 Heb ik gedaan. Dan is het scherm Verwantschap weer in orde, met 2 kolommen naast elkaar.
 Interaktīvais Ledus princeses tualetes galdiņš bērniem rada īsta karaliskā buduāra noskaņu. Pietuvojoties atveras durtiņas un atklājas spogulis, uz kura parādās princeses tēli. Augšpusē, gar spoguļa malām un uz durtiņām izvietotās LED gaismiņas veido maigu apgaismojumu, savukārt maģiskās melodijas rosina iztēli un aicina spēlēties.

*****

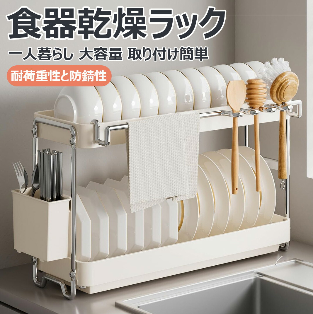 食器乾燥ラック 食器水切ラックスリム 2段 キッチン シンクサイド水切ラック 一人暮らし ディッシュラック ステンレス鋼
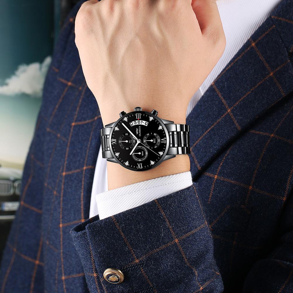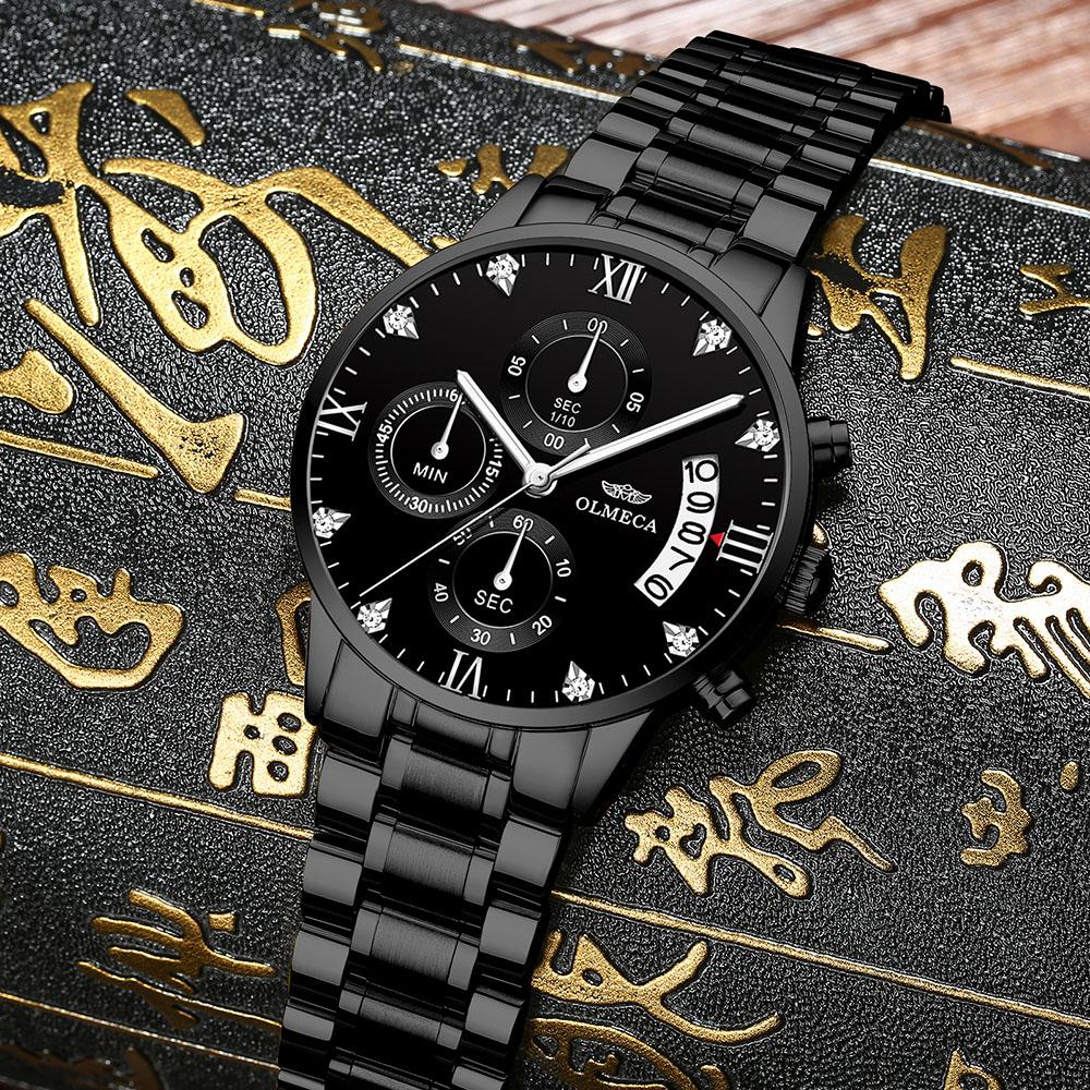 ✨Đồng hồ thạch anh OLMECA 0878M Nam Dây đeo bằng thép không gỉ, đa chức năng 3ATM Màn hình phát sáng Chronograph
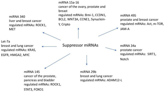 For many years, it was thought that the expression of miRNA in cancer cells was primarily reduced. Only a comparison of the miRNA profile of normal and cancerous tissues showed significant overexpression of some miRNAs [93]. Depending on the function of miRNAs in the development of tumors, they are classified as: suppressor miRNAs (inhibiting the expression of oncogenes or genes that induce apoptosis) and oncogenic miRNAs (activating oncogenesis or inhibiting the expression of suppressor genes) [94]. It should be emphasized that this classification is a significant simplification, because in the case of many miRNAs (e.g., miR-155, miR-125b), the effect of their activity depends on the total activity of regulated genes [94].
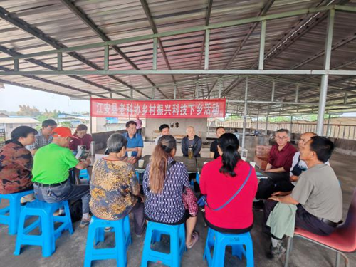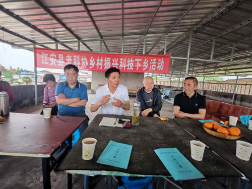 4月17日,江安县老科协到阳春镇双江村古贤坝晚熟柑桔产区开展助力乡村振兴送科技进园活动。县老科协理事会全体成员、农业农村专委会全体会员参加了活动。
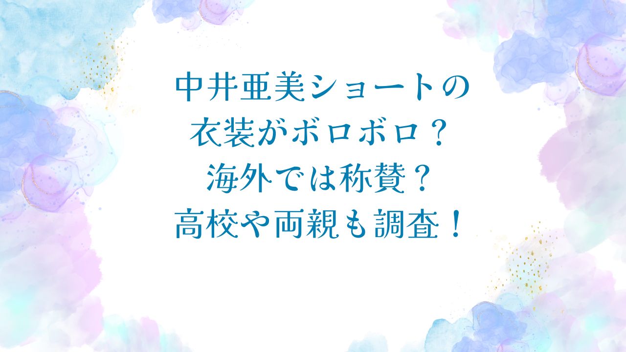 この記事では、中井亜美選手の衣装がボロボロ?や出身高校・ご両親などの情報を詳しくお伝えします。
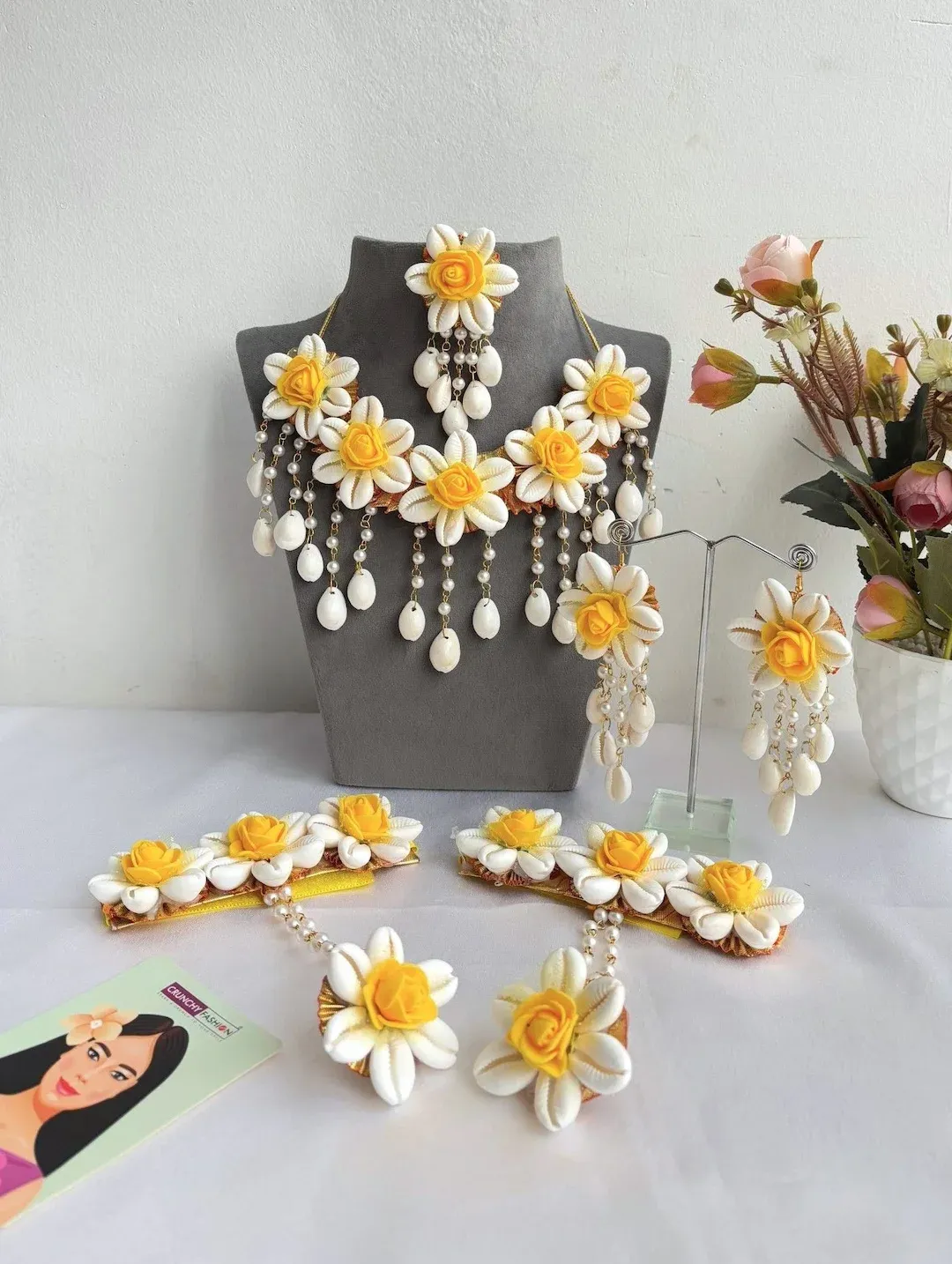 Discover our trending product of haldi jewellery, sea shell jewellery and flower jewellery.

*****

[EXERCISE DETAILS]:
Would you give again, exactly, the lines in the data above that run from the line containing "phát sáng Chronograph" to the line containing "Discover our trending"? Include both ends and no pictures.

[COMPLETED TASK]:
 ✨Đồng hồ thạch anh OLMECA 0878M Nam Dây đeo bằng thép không gỉ, đa chức năng 3ATM Màn hình phát sáng Chronograph
 For many years, it was thought that the expression of miRNA in cancer cells was primarily reduced. Only a comparison of the miRNA profile of normal and cancerous tissues showed significant overexpression of some miRNAs [93]. Depending on the function of miRNAs in the development of tumors, they are classified as: suppressor miRNAs (inhibiting the expression of oncogenes or genes that induce apoptosis) and oncogenic miRNAs (activating oncogenesis or inhibiting the expression of suppressor genes) [94]. It should be emphasized that this classification is a significant simplification, because in the case of many miRNAs (e.g., miR-155, miR-125b), the effect of their activity depends on the total activity of regulated genes [94].
 4月17日,江安县老科协到阳春镇双江村古贤坝晚熟柑桔产区开展助力乡村振兴送科技进园活动。县老科协理事会全体成员、农业农村专委会全体会员参加了活动。
 この記事では、中井亜美選手の衣装がボロボロ?や出身高校・ご両親などの情報を詳しくお伝えします。
 Discover our trending product of haldi jewellery, sea shell jewellery and flower jewellery.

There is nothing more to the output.